### Exercise
Verbatim copy, images omitted: return the full listing.

++++ Study material

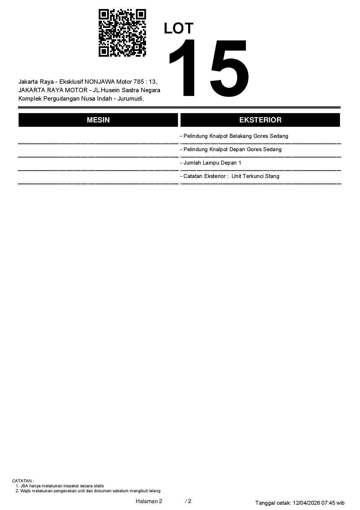 2. Peserta lelang wajib cek unit & dokumen
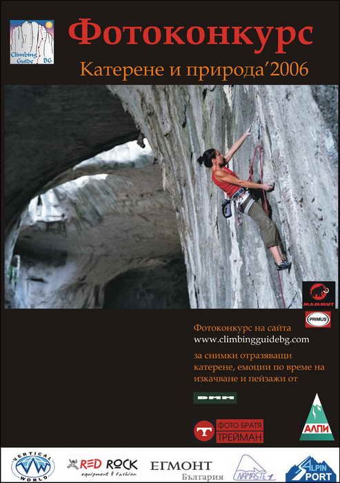 Завърши журирането в 4-тия фотоконкурс "Катерене и природа" на сайта Climbingguidebg.com. Каним всички участници в конкурса, членовете на журито, спонсорите, журналисти и всички приятели на тържеството за обявяване на победителите! То ще състои на 22 февруари, четвъртък, в столичния клуб ЕНИГМА.
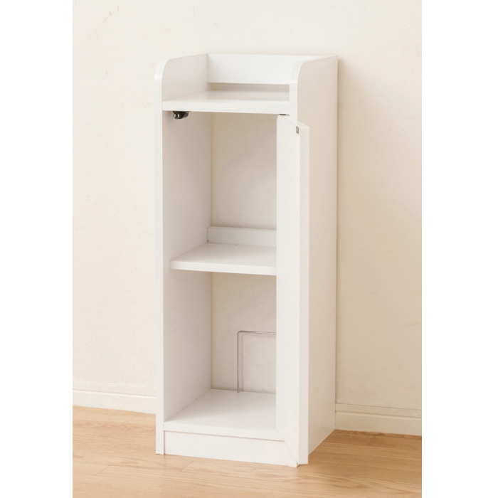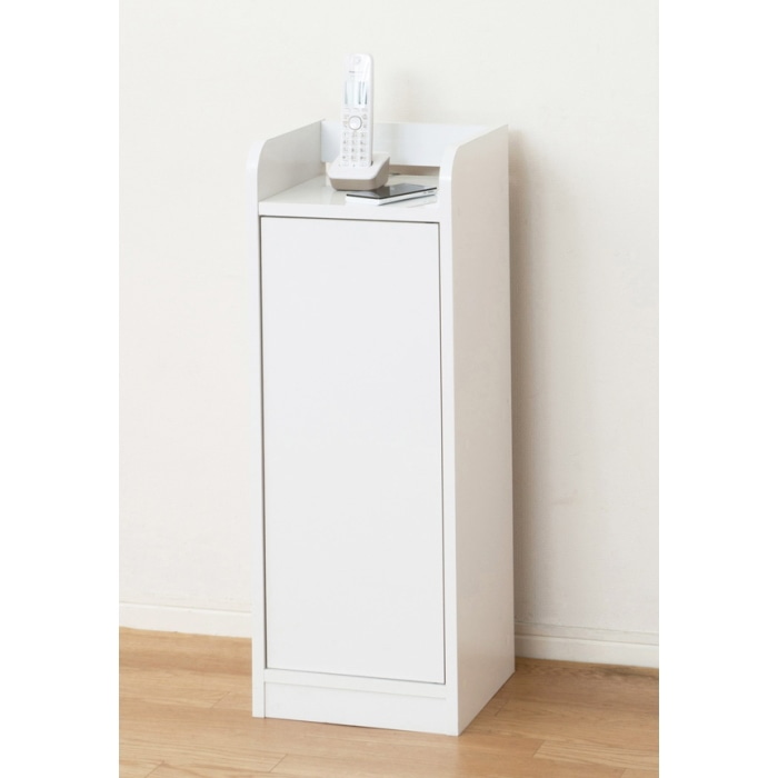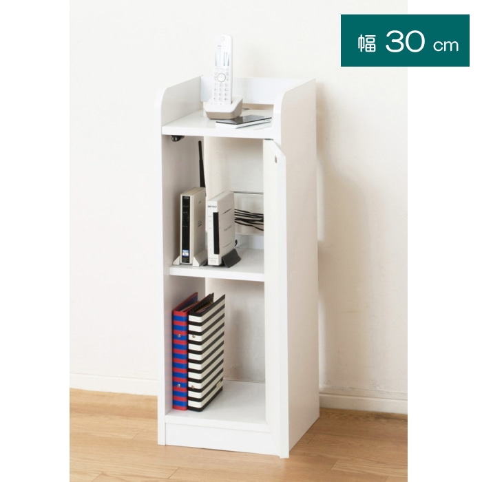 幅が約30cmとスリムなので、お部屋のスミや家具のスキマに設置できます。扉内はモデムやルーター、光電話の機器、タップなどまとめて収納でき、乱雑になりがちなコードをスッキリ整理できます。またA4ファイルや電話帳を立てて収納することもできます。
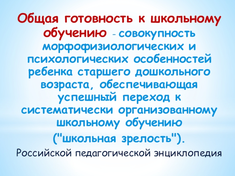 Слайд 3Общая готовность к школьному обучению – совокупность морфофизиологических и психологических особенностей
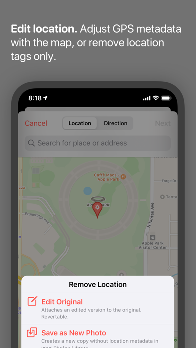 *Note: Remove Metadata, Date / Location Edit, and Safe Share are premium features, require single “Unlock Everything” in–app purchase.

++++++++

### Output of the exercise
 2. Peserta lelang wajib cek unit & dokumen
 Завърши журирането в 4-тия фотоконкурс "Катерене и природа" на сайта Climbingguidebg.com. Каним всички участници в конкурса, членовете на журито, спонсорите, журналисти и всички приятели на тържеството за обявяване на победителите! То ще състои на 22 февруари, четвъртък, в столичния клуб ЕНИГМА.
 幅が約30cmとスリムなので、お部屋のスミや家具のスキマに設置できます。扉内はモデムやルーター、光電話の機器、タップなどまとめて収納でき、乱雑になりがちなコードをスッキリ整理できます。またA4ファイルや電話帳を立てて収納することもできます。
 Слайд 3Общая готовность к школьному обучению – совокупность морфофизиологических и психологических особенностей
 *Note: Remove Metadata, Date / Location Edit, and Safe Share are premium features, require single “Unlock Everything” in–app purchase.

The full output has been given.